Histoire de timbré

"Le timbre de la voix provient-il de plusieurs facteurs?"

Voilà la question (non timbrée) à laquelle me soumet Isabelle, fidèle lectrice de mes hautes œuvres.

 

Commençons par analyser le timbre.

Cette petite pièce de papier que beaucoup collectionnent est utilisée dans le monde entier pour orner l’enveloppe de notre courrier de belles images.

C'est même dommage, lorsque nous recevons une lettre ou une carte postale, que ces images soient abîmées par l'encre des tampons peu clairs de la Poste.

 

La forme du timbre se caractérise par la découpe typique de ses bordures en petits créneaux concaves.

C'est pour nous rappeler les châteaux-forts du Moyen Age, avec leurs remparts crénelés.

En effet les créneaux ont été inventés pour pouvoir canaliser l'arrivée et la réception des pigeons voyageurs.

Ceux-ci étaient dressés pour ne passer qu'entre deux créneaux horaires bien précis.

La forme particulière des timbres rend donc hommage à l'adresse des pigeons voyageurs.

Regrettons que de nos jours les timbres perdent leurs bordures crénelées au profit de timbres autocollants à bords plus lisses.

Déboussolés, les pigeons voyageurs ne livrent ces enveloppes-là qu'au jour J+2, et souvent se trompent de boîtes aux lettres.

 

Venons-en maintenant à la voix.

Nos exploits phonatoires se distinguent d'un  individu à l'autre par plusieurs facteurs, tels que les cordes vocales, la forme des dents, de la mâchoire et des sinus, le bombement du palais, les mouvements de la langue...

Notre voix est surtout déterminée par la résonance qui prend place dans le larynx et la bouche, et de la maîtrise de l'oropharynx, partie de la gorge située en arrière de la bouche.

La voix résulte du passage de l'air dans le larynx, au fond duquel se trouvent les cordes vocales.

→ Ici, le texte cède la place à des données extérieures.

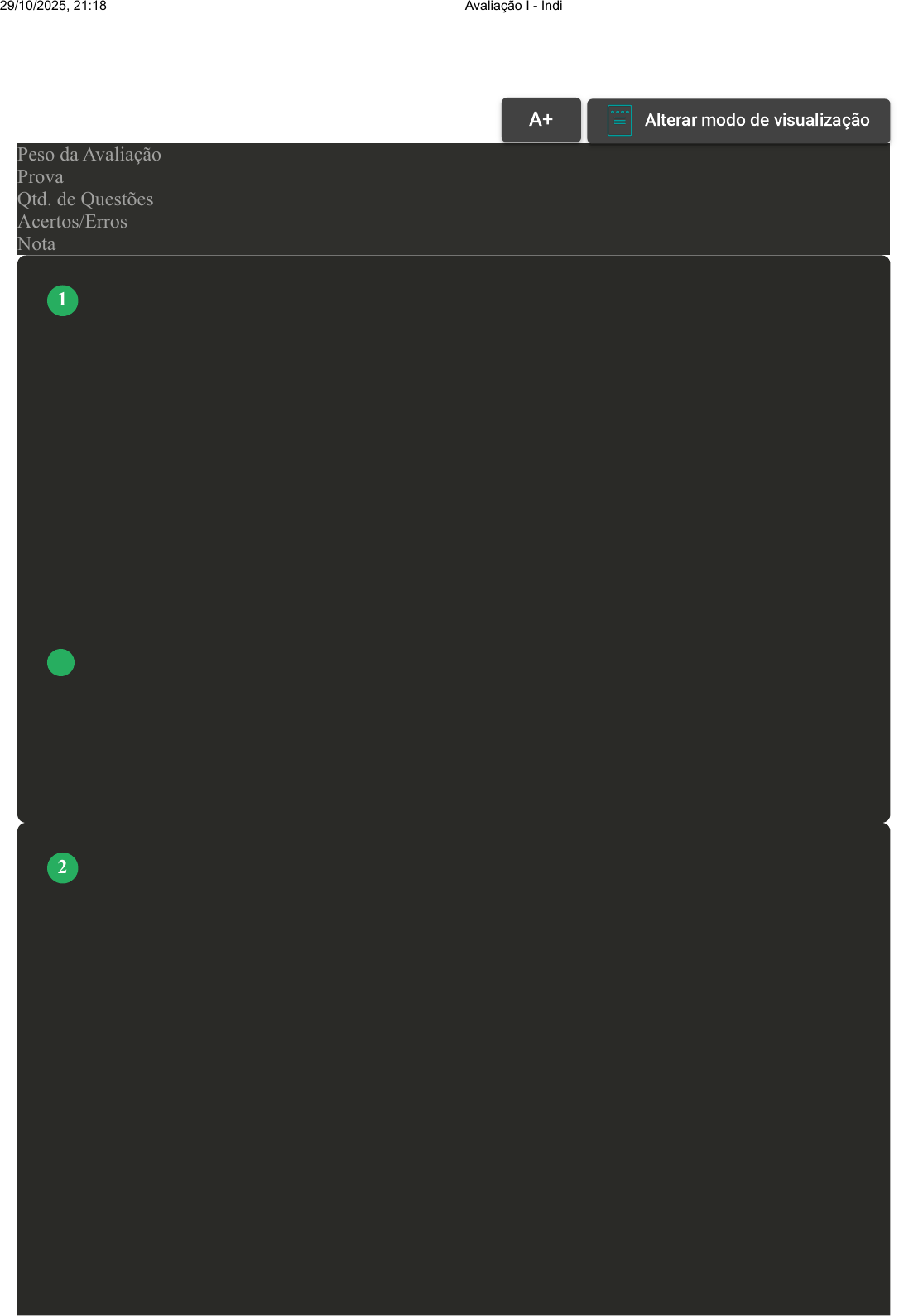 Prova Impressa GABARITO | Avaliação I - Individual (Cod.:1522024) Peso da Avaliação 2,00 Prova 108329971 Qtd. de Questões 10 Acertos/Erros 10/0 Nota 10,00 O método de Rousseau serviu de inspiração para Pestalozzi e outros métodos universais pedagógicos. No contexto de sua época, formulou princípios educacionais que permanecem até nossos dias, principalmente quando afirmava que a verdadeira finalidade da educação era ensinar a criança a viver e aprender a exercer a liberdade. Assim, Jean-Jacques Rousseau, um dos expoentes teóricos para a pedagogia contemporânea, propôs alguns modelos educativos para formação do homem. Sobre esses princípios, analise as sentenças a seguir: I- Defende a ideia da infância como idade autônoma e dotada de características específicas. II- Defende a ideia da infância com várias fases de desenvolvimento, sobretudo no aspecto cognitivo. III- Defende a ideia do jovem como uma pessoa incompleta. IV- Defende a idade da "Educação pela Instrução". Assinale a alternativa CORRETA: A As sentenças I, II e III estão corretas. B As sentenças I e II estão corretas. C Somente a sentença IV está correta. D As sentenças III e IV estão corretas. Na perspectiva do pensamento pedagógico moderno, vários pensadores se destacaram, dentre eles, Johann Friedrich Herbart. O filósofo alemão nasceu em Oldenburg, na Alemanha, em 1776, conheceu alguns dos mais importantes intelectuais da época e assim como Pestalozzi. Herbart tomou a intuição como ponto de partida no ensino. Sobre o pensamento pedagógico de Herbart, analise as sentenças a seguir: I- Herbart parte do princípio de que a alma é uma tábula rasa que precisa ser preenchida com experiências sucessivas. II- Herbet entendia que a criança deve tornar-se adaptável, mas sempre mantendo a sua individual capacidade criadora, a sua curiosidade e iniciativa. III- Herbart propõe um método sistematizado de instrução com cinco passos formais. IV- Herbart estabeleceu os passos formais da aprendizagem que se resumem na apresentação, situação problema, associação, sistematização e validação, os quais foram, posteriormente, reformulados por sua discípula Maria Montessori. Assinale a alternativa CORRETA: A Somente a sentença IV está correta. B As sentenças III e IV estão corretas. VOLTAR A+ Alterar modo de visualização 1 2 29/10/2025, 21:18 Avaliação I - Individual about:blank 1/6 C As sentenças I, II e III estão corretas. D As sentenças I e IV estão corretas. Discípulo de Rousseau, Pestalozzi foi um dos primeiros a pensar na libertação do povo através da educação e da agricultura. Pestalozzi dedicou seus esforços, tempo, recursos financeiros e sua própria família à vivência de suas ideias pedagógicas. Fundou orfanatos e educou meninos e meninas pobres e abandonados, procurando formar o caráter de cada um. Mais do que ensinar a ler, escrever e transmitir outros conteúdos considerados relevantes para a formação intelectual, Pestalozzi interessava-se pela formação integral, pela construção da personalidade individual da criança. Sobre os pressupostos de Pestalozzi, analise as sentenças a seguir: I- Heinrich Pestalozzi foi um dos defensores da ideia de que a aprendizagem profissional deve centrar-se nas habilidades tecnológicas, por meio da realização de atividades de memorização. II- Heinrich Pestalozzi foi um dos defensores do materialismo histórico, a escola é o centro irradiador do processo revolucionário, pois tem a responsabilidade de encaminhar a superação efetiva dos modos de produção na sua totalidade. III- Heinrich Pestalozzi não confiava em julgamento externo, por isso, em suas escolas não havia notas ou avaliações, punições ou recompensas. Assinale a alternativa CORRETA: A Somente a sentença III está correta. B As sentenças I e II estão corretas. C Somente a sentença I está correta. D As sentenças II e III estão corretas. A utilização dos computadores e da internet em sala de aula é uma realidade cada vez mais frequente. Os computadores e sua utilização devem estar presentes no ensino, destacando que o uso do computador como recurso pedagógico favorece valores culturais, sociopolíticos, pedagógicos e tecnológicos da sociedade brasileira. Com relação ao processo instrucionista, sobre a finalidade do computador no ensino, analise as seguintes opções: I- Instrução de programação e aplicação de projetos-piloto. II- Fixação de conceitos e transmissão de informação. III- Capacitação e formação de recursos humanos. IV- Profissionalização e utilização de redes sociais. Assinale a alternativa CORRETA: A As opções I e II estão corretas. B As opções I e III estão corretas. C As opções III e IV estão corretas. D Somente a opção II está correta. 3 4 29/10/2025, 21:18 Avaliação I - Individual about:blank 2/6 A Didática Magna tem como proposição mostrar a arte de ensinar tudo a todos, a pansofia de maneira certa e eficiente em todos os lugares, para toda a juventude, sem discriminação de sexo ou classe social, compreendendo a educação de forma global. A didática surgiu no século XVII, com o objetivo de orientar os educadores para que pudessem formar as novas gerações, é importante saber que a palavra didática tem a sua origem no verbo grego "didasko". Sobre o significado da palavra didática, assinale a alternativa CORRETA: A O significado da palavra didática refere-se aos métodos de cada matéria, visualizada como um conjunto de receitas prontas de como e o que ensinar. B O significado da palavra didática refere-se à arte de ensinar, compreendida em seu caráter prático de apoio à concretização do trabalho docente. C O significado da palavra didática refere-se à busca mais adequada das formas de atualização pedagógica e cultural. D O significado da palavra didática refere-se aos conhecimentos sistematizados, compreendida em seu caráter teórico de apoi
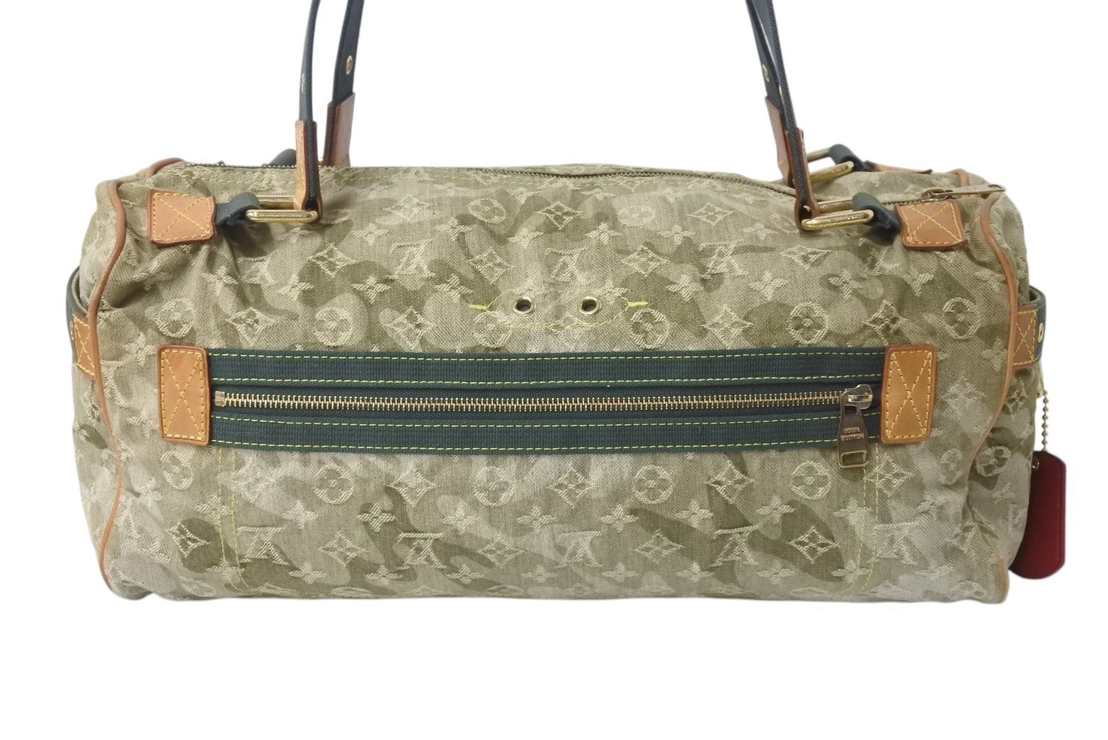 表面パイピングやヌメ革などのレザー部分付近に変色あり。金具部分にスレ、小傷、くすみあり。裏地上部に変色あり。パイピングにスレ、キズ、シミ、ひび割れあります。

Celles-ci s'ouvrent quand on respire, mais on les resserre pour produire un son.

Les mots, parlés ou chantés, sont créés par la modulation de ce flux d'air.

Voilà pour l'explication scientifique.

 

En réalité, notre voix provient de petits êtres minuscules "porteurs de voix", les "vociférants". Ces vociférants logent dans notre gorge.

 

Quand nous pensons et voulons émettre une phrase, des micro-postiers cérébraux, facteurs microscopiques de la taille d'une bactérie, captent nos messages, les transforment en phrase qu'ils timbrent puis transportent à vélo jusqu'à notre gorge.

Alors, se saisissant d'un archet, les vociférants jouent la partition sur nos cordes vocales tel un violon, ça nous chatouille, nous ouvrons la bouche tel le pavillon d'un mégaphone, et ainsi nous avons l'impression de parler alors que ce sont les vociférants qui nous font parler!

Cela explique, chers amis, que parfois nos paroles dépassent nos pensées quand nous sommes énervés.

Dans ce cas il nous arrive de vociférer de vilaines paroles, et de passer pour des timbrés!

 

Et lorsque nous faisons un peu trop la fête et buvons plus que de raison, l'alcool imbibe le micro-postier, notre facteur cérébral en goguette.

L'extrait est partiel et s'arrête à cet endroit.